Large theater thwarts intimate baroque
A lesser-known baroque opera took over the S.F. Opera Sunday, offering first-rate stage direction and conducting while falling short of vocal expectations.
Handel’s “Orlando” (1733) is a fictional love story inspired by Charlemagne’s eighth-century military leader Roland, one that took 238 years to reach US shores. It had ridden high during London’s craze for Italian opera, though its modest dimensions don’t fit expansively into the huge Opera House. This intimate chamber opera boasts a string orchestra and cast of five, with no brass, woodwinds, percussion, chorus or dancers. The score is formulaic, with solo singers delivering recitatives and da capo arias one behind the other. The musical highlight is a rare baroque vocal trio ending act two (in this three-act version).
And the singers here were hard put to fill the House with sound.
The unrequited-love plot is familiar: Orlando loves Angelica who loves Medoro, who also has to ward off the passion of Dorinda. Orlando goes mad, requiring intervention by the magician Zoroastro to regain mental health (without regaining his girlfriend—you were expecting miracles, maybe??).
To reduce the preposterousness index, the locale has been moved up to a 1940s West London hospital during the aerial-bombardment blitz, where Orlando, now in the British military, is recuperating from war wounds. This allows a lot of bomb blasts Handel never heard, as if percussion, to liven up the finale of act two.
Countertenor Aryeh Nussbaum Cohen, playing Medoro, is a marvel, a plausible leading man whose voice soared above all the other male voices around. But this large hall never shows his grand voice to best advantage. In fact, when the S.F. Ballet presented him in a vocal part three months ago on the same stage, singing Handel inPossokhov’s mirror ballet “…two united in a single soul…” they amplified Cohen’s voice, and the impact was electric. Couldn’t exception be made in opera’s no-microphone tradition for special voices like his? Cohen may have been a mere sub filling in for David Daniels, but he surely doesn’t perform like a substitute—-He is the real deal.

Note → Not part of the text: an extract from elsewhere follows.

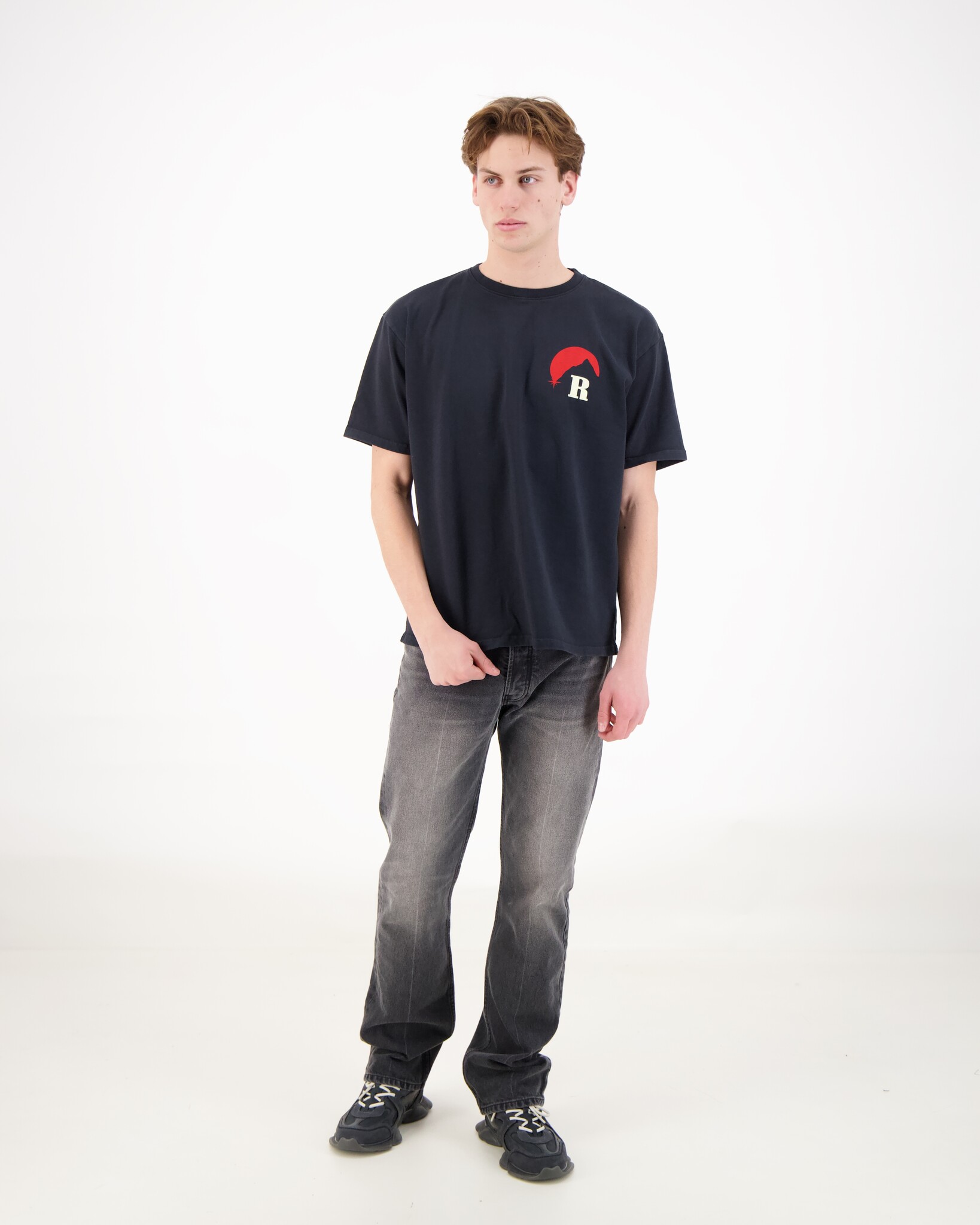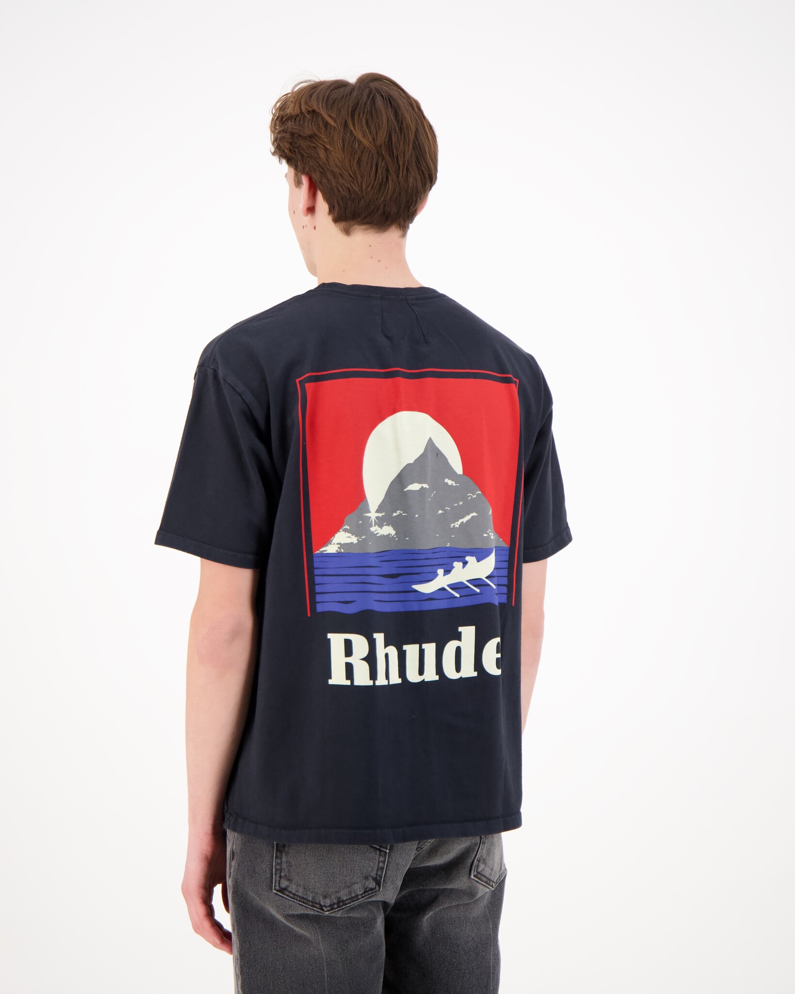 Zwarte Moonlight Regatta T-Shirt van het merk Rhude. Dit T-Shirtje heeft een print voorop en een Moonlight back print met de kleuren Rood, Beige en Grijs. Het staat bekend om een combinatie van high-end kwaliteit, relaxed silhouet en opvallende grafische prints. Deze designs zijn bedoeld om het T-shirt niet alleen comfortabel te maken, maar ook een statement-piece binnen je outfit.

In fact, unless we’re all to sit in the first 10 rows, all these singers would have been helped with amplification, especially since mezzo Sasha Cooke, heard often in S.F., was not in her usual best voice doing the title role (a trouser part). Faring better were the sopranos Heidi Stober (Angelica) and Christina Gansch (Dorinda), with the latter garnering the biggest plaudits at the opening June 9.
The two English imports featured here were superb. The imaginative stage director Harry Fehr moved the small cast and extras about as adroitly as a film director. Equally impressive was veteran conductor Christopher Moulds, conducting the ensemble, shaking hands with the prompter, playing harpsichord in the pit and quite possibly collaborating on vocal ornamentation, of which there is an abundance in those “da capo” (from the top) repeats.
MUSIC NOTES—“Orlando” had played here once before in 1985 with the imposing mezzo Marilyn Horne in the title role….Countertenor David Daniels had withdrawn from the SFO cast when rape charges were filed against him early this year.